● **TASK TO CARRY OUT**: From the material below, set down exactly the lines that run from the one containing "Properties: crystal beads, metal, wire, faux" to the one containing "Boucles D’oreilles Perles", minus the pictures.

[PROVIDED MATERIAL Boundary: Start]

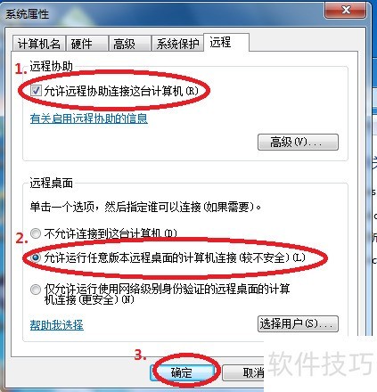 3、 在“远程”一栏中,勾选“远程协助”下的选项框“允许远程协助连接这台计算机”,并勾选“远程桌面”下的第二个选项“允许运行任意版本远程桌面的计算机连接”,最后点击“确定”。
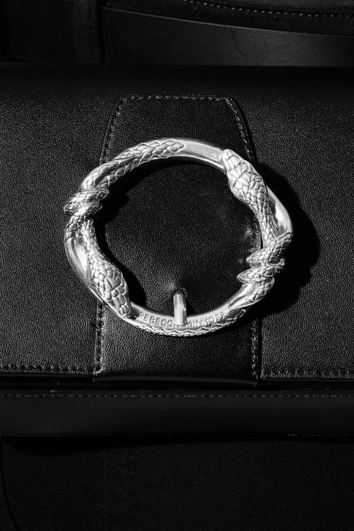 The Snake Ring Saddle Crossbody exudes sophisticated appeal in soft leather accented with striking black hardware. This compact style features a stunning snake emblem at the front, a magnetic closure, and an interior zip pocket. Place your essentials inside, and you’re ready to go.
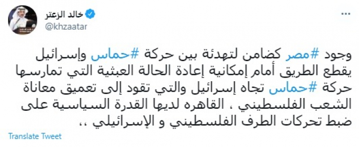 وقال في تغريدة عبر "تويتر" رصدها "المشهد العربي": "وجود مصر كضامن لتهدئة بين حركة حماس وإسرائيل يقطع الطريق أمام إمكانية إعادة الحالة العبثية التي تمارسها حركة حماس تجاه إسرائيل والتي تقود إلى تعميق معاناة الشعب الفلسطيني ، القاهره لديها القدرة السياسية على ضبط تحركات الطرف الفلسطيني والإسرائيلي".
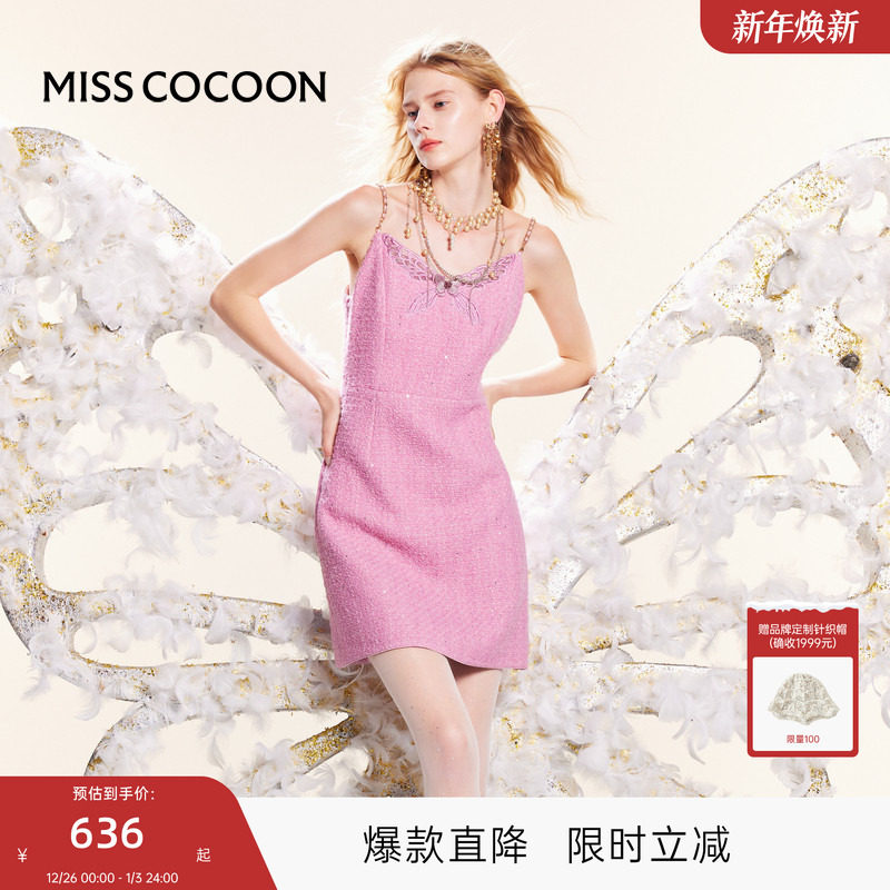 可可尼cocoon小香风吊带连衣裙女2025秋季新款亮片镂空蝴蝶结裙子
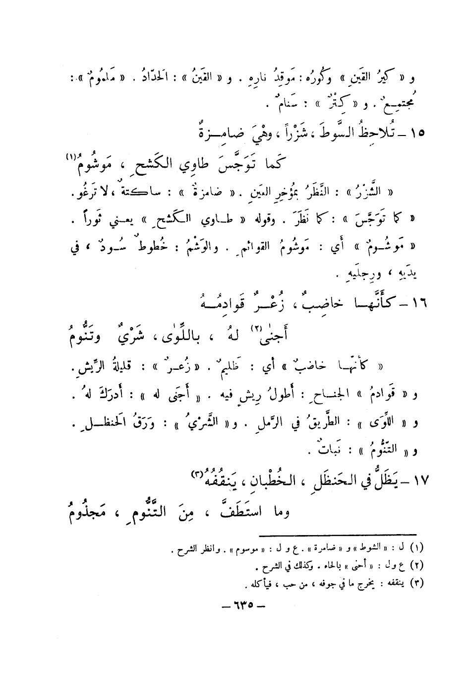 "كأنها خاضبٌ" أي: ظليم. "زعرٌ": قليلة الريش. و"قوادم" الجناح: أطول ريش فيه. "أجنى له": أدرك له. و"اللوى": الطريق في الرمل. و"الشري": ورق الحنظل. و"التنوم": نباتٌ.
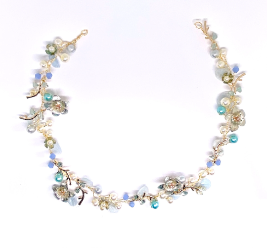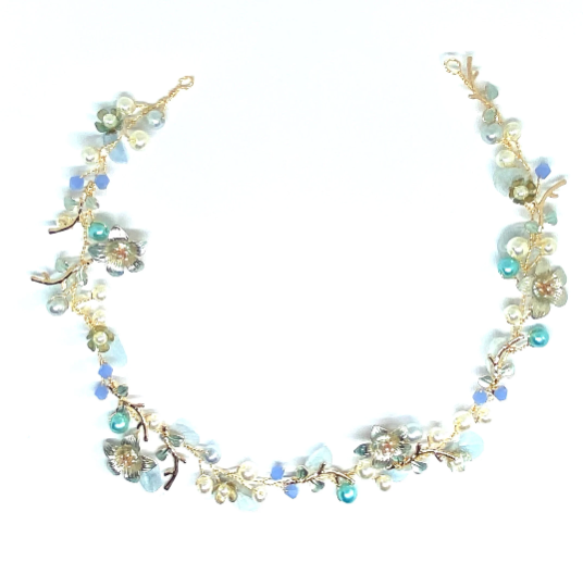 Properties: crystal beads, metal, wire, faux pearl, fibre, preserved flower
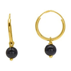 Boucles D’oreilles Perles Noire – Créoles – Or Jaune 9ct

[PROVIDED MATERIAL Boundary: End]
[PROVIDED MATERIAL Boundary: Start]

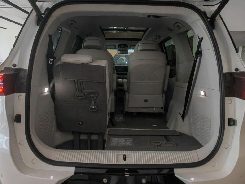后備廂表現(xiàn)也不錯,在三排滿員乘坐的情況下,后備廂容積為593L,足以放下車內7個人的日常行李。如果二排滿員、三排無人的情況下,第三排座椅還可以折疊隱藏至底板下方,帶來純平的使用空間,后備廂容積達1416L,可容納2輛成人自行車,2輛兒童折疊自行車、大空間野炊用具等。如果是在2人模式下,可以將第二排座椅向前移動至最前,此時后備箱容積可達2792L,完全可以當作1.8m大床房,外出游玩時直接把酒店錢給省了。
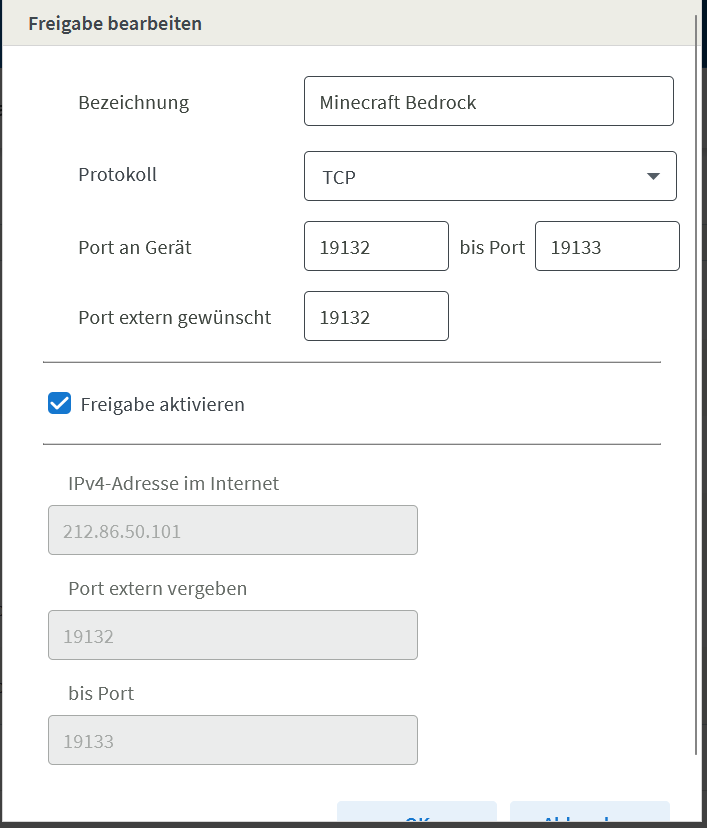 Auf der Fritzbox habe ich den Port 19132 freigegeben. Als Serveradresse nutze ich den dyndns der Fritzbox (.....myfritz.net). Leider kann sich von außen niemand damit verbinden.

[PROVIDED MATERIAL Boundary: End]

● **PROBLEM SOLUTION**:
 Properties: crystal beads, metal, wire, faux pearl, fibre, preserved flower
 Boucles D’oreilles Perles Noire – Créoles – Or Jaune 9ct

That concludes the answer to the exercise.